In some cases you don't want to use the whole dataset for training or test, but filter it in some way. There are several filter possibilities in nkuluoleko:
- limit_samples: limit the number of samples, randomly selected
- limit_samples_per_speaker: maximum number of samples per speaker (for leveling data where same speakers have a large number of samples)
- min_duration_of_sample: limit the samples to a minimum length (in seconds)
- max_duration_of_sample: limit the samples to a maximum length (in seconds)
- filter: don't use all the data but only selected values from columns: [col, val].
You can specify several filters in one: e.g.[DATA] filter = [['sex', 'female'], ['style', 'reading']]

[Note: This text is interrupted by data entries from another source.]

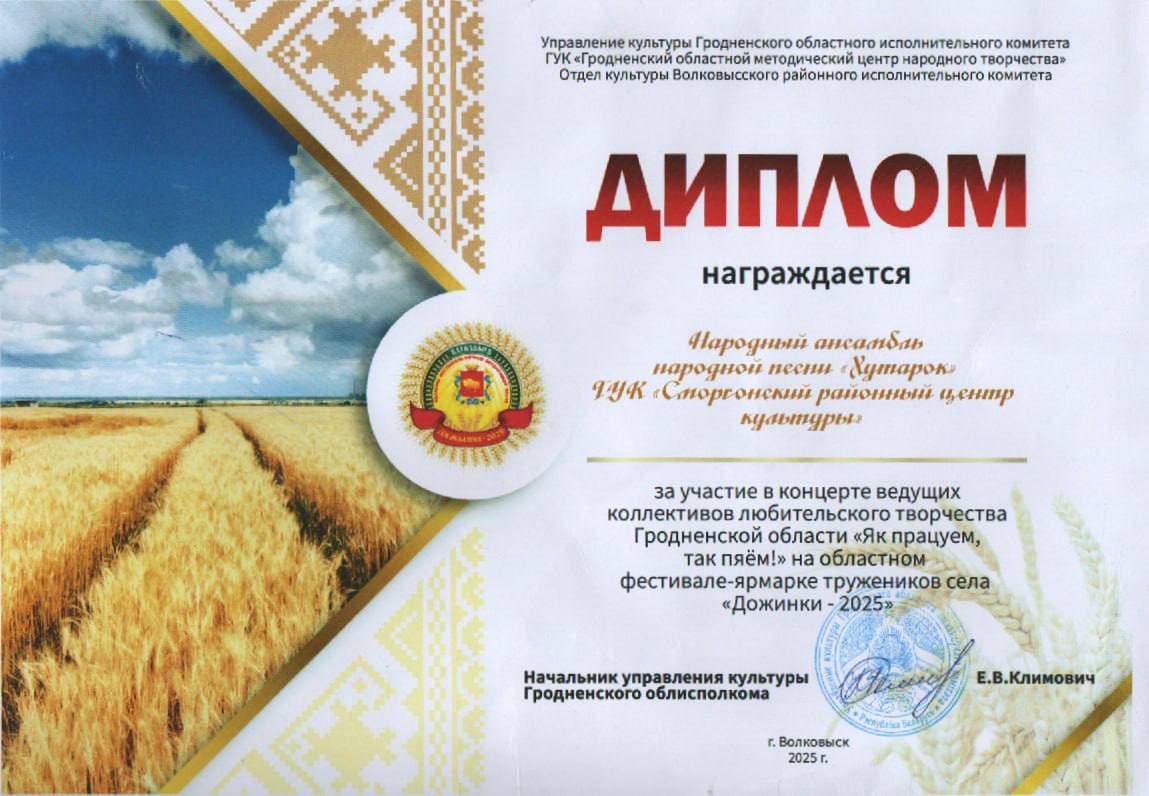 Дипломом за участие в в областном фестивале-ярмарке тружеников села «Дожинки – 2025» в городе Волковыск награжден народный ансамбль народной песни «Хутарок» (ГУК «Сморгонский районный центр культуры»)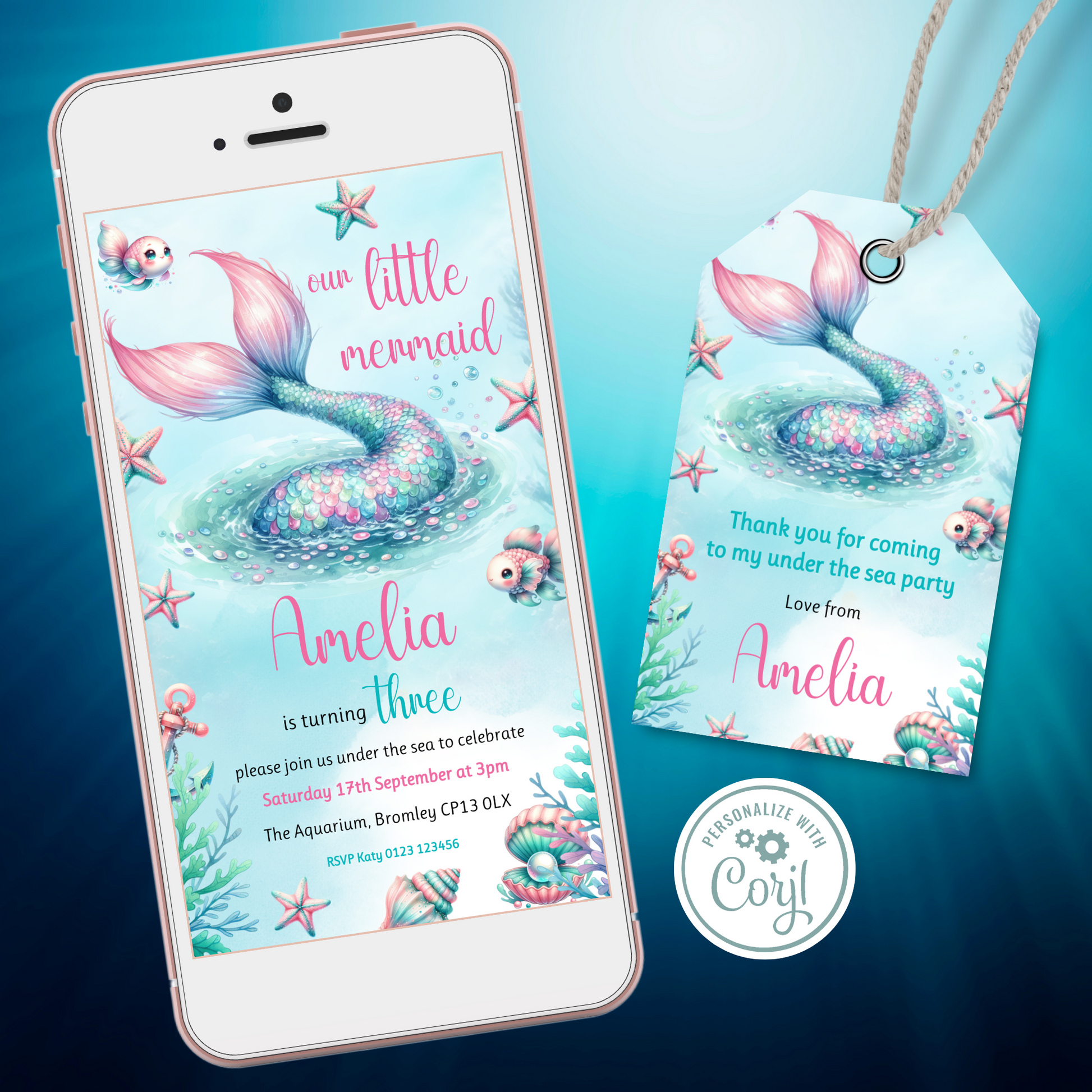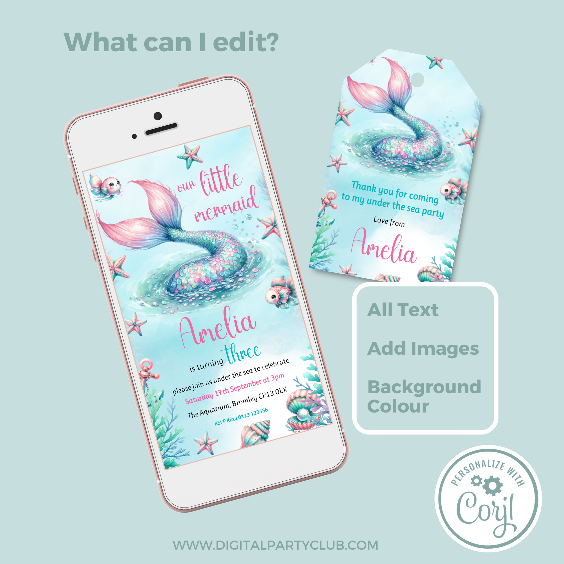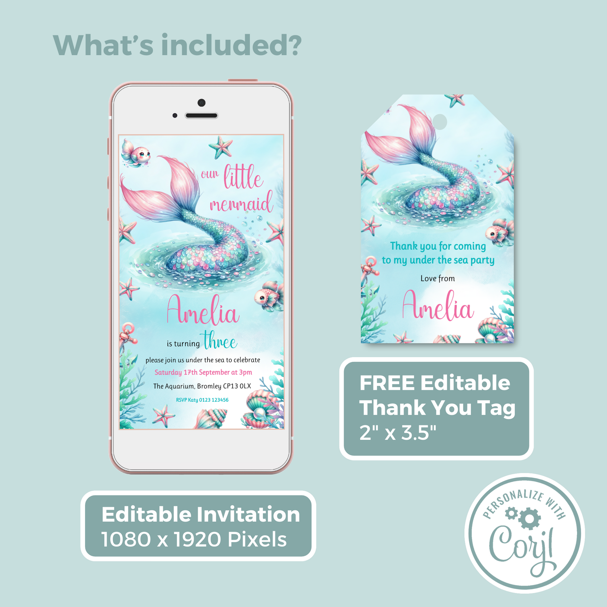 Editable Evite Birthday Invitation and FREE Thank You Tag - Mermaid Tail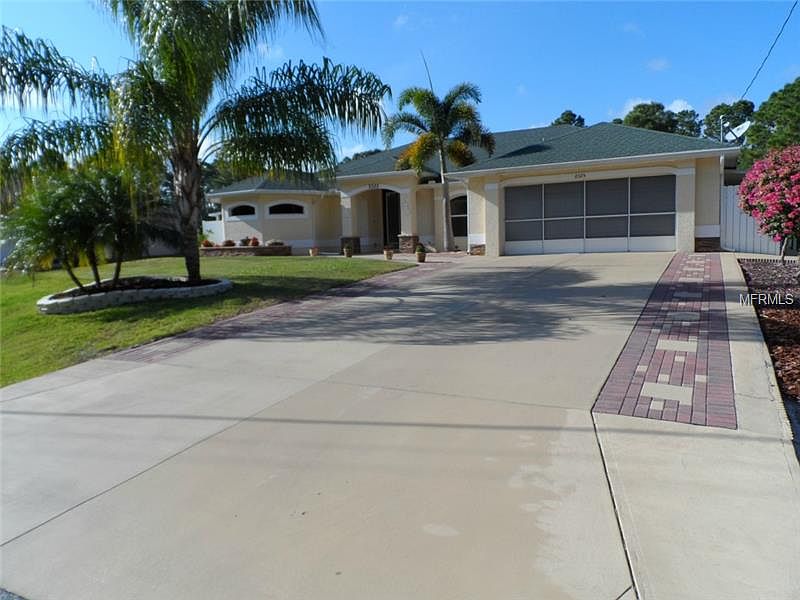 Stunning, 3 Bedroom, 2 bath home located on an oversided lot in a peaceful North Port neighborhood. Huge Lanai with sun-shades in place and an inviting pool to enjoy in our little piece of paradise. This immaculate home is move in ready. With Tray ceilings, plant shelves and nooks to display your collectibles, this home shows like a mode!. The split floor plan offers both privacy and space. The kitchen has beautiful granite counter tops, 42" white cabinets with crown molding, large pantry, a decorative back-splash, and porcelain floor tile. The kitchen sink also has a reverse osmosis filtration system in place. The master Bedroom is large enough to accommodate a comfortable sitting area that overlooks the lanai and sparkling pool. The Master Bath has a separate water closet, roman shower, soaking tub, decorative taller cabinets, double bowl vanity, a linen closet and 2 walk-in closets. The 2nd and 3rd bedrooms also have walk-in closets. The garage floor has anti slip finish, 2 pull down stair cases for storage, roof exhaust, insulated roof and garage door and a wide drive way. There are pavers around the exterior of the home and a nice patio outside of the cage. Lots of room to play and relax on your pool deck or in your solar heated pool.

would use only the data where sex is female and style is reading
These can be specified per database:
[DATA]
databases = ['d1']
# force a specific feature to be present, e.g. gender labels ( when not all data has gender values)
d1.required = gender
# limit the absolute sample number
d1.limit_samples = 500
# limit the number of samples per speaker
d1.limit_samples_per_speaker = 20
Or for all samples, or the test and/or train splits
[DATA]
# only filter the training split:
filter.sample_selection = train
# specify a minimum duration for train samples (in seconds)
min_duration_of_sample = 3.5
# use only samples where gender is female
filter = [['gender', 'female]]